Speaker
Description
"Breathing exposes lung cells to continual mechanical stimuli, which is part of the microenvironmental signals directing cellular functions. Therefore, developing in vitro model systems that incorporate physiomimetic mechanical stimuli is urgent to fully understand cell behavior. This study aims to introduce a novel in vitro culture methodology combining mechanical stimuli that simulates in vivo breathing in 3D cell culture platforms in the form of recellularized human lung extracellular matrix (ECM) scaffolds and precision cut lung slices (PCLS) from rats.
To this end, we have constructed a device for controlled cyclic stretch, mimicking amplitudes and frequencies of distensions seen in the breathing human lung. For its validation, we cultured H441 lung epithelial cells in decellularized human lung slices exposed to 16 stretch cycles per minute with a 10% stretch amplitude.
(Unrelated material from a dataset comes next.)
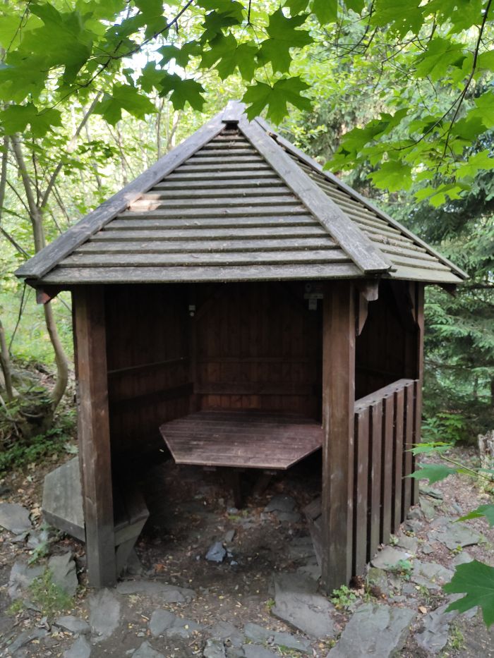 W szczytowej partii Okola oprócz wspomnianego tarasu widokowego (przy dobrej widoczności można obserwować stąd m. in. dolnośląską Łysą Górę, Rudawy Janowickie czy Karkonosze), natknęliśmy się jeszcze na wiatę turystyczną, w której w razie potrzeby można prowizorycznie przenocować oraz ciekawe skałki.

Cell viability (resazurin reduction), proliferation (Ki-67) and YAP1 activation were evaluated at 24 and 96 hours by immunohistochemistry, while the expression of SFTPB, COL3A1, COL4A3 and LAMA5 was evaluated by qPCR.
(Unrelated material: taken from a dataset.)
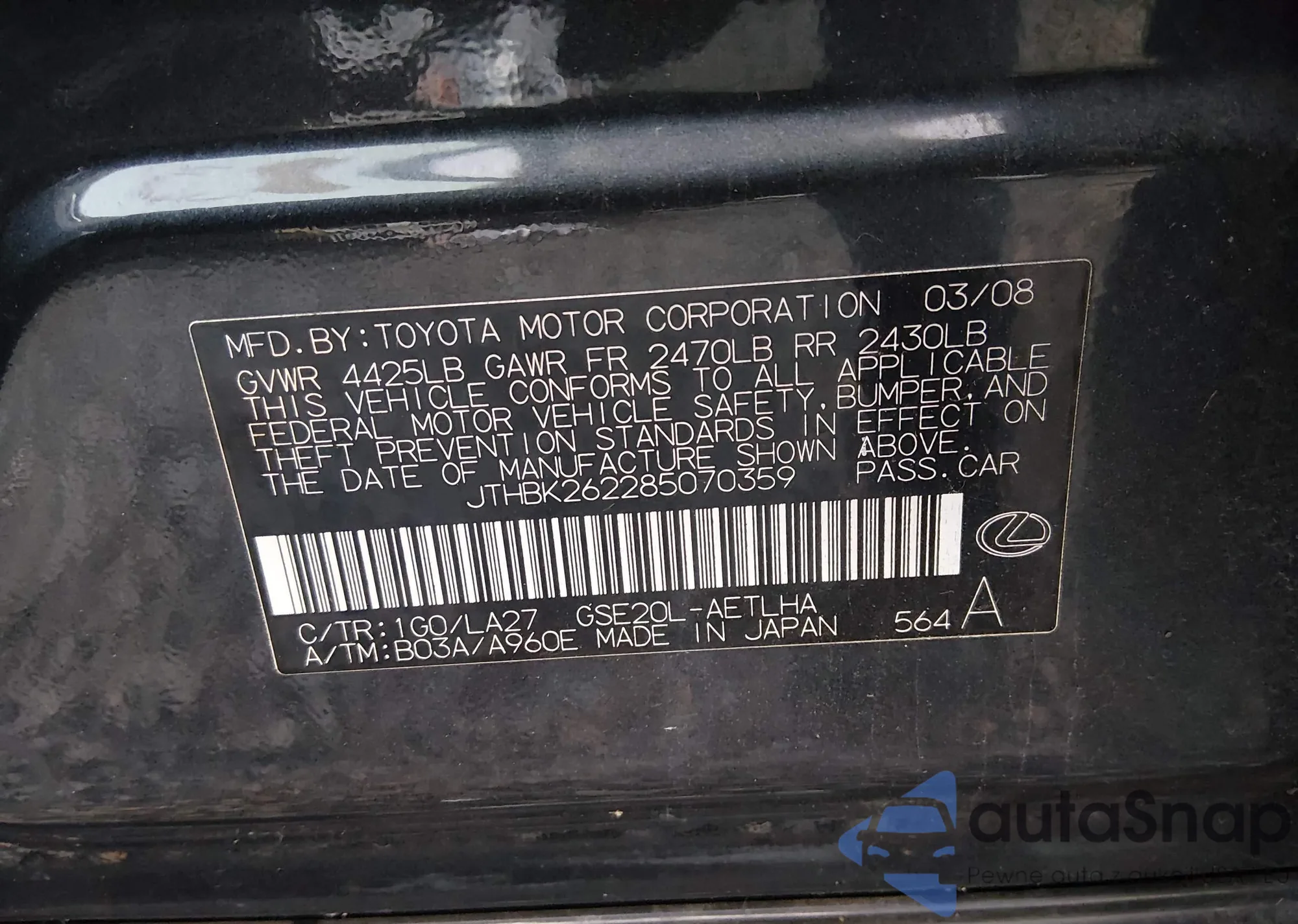 LOT: 44192890 VIN: JTHBK262185074032

Cyclic stretch induced an increase in SFTPB expression after 24 hours without a concomitant increase in the stretch responsive gene YAP1. The ECM milieu lowered the expression of the basement membrane protein genes COL4A3 and LAMA5 compared to tissue culture plastic control cultures, without any additional effect induced by the mechanical stimuli. Additionally, we show compatibility of the device with PCLS culture showing preserved morphology and metabolism in rat PCLS after 72 hours of mechanical stretch. Thus, we present a novel device and methodology for the study of lung tissue slice cultures subjected to physiomimetic mechanical stimuli, which shows promise for future studies of cell and tissue function in a lung ECM milieu with physiological or pathological mechanical stimuli."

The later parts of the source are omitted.